▸ Assignment
Leave every image out, and return the rest of the data word for word.

▸ Collected data
•••
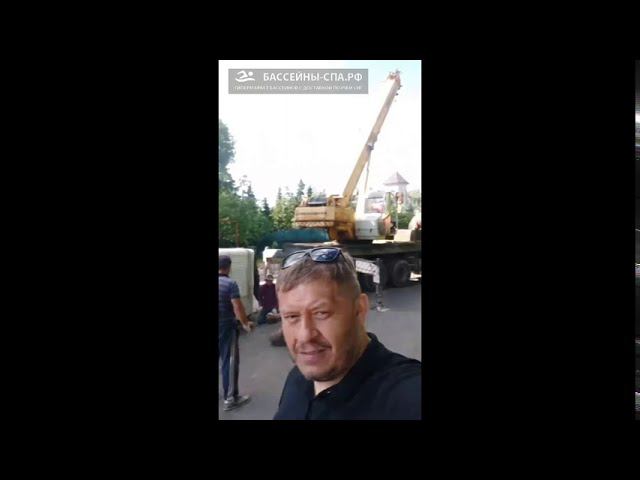 Установка плавательного спа бассейна краном с выносом на 31 метр. Видео от магазина Бассейны-спа.рф
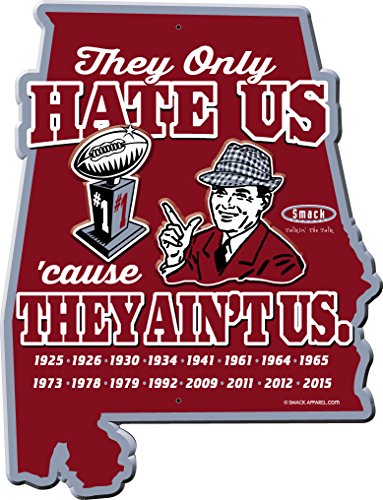 Smack Apparel Alabama Football Fans. They Only Hate Us Cause They Ain't Us. Embossed Metal Man Cave Sign
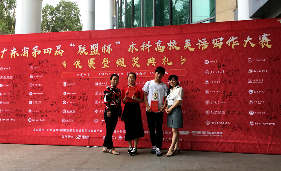 6月24日,2017年广东省第四届“联盟杯”本科高校英语写作大赛的决赛在华南理工大学举行。在领队老师潘文晗,指导老师伍彩芬和范俊英的带领下,公司共有两位同学参加了此次决赛。
•••
▸ Finished task
 Установка плавательного спа бассейна краном с выносом на 31 метр. Видео от магазина Бассейны-спа.рф
 Smack Apparel Alabama Football Fans. They Only Hate Us Cause They Ain't Us. Embossed Metal Man Cave Sign
 6月24日,2017年广东省第四届“联盟杯”本科高校英语写作大赛的决赛在华南理工大学举行。在领队老师潘文晗,指导老师伍彩芬和范俊英的带领下,公司共有两位同学参加了此次决赛。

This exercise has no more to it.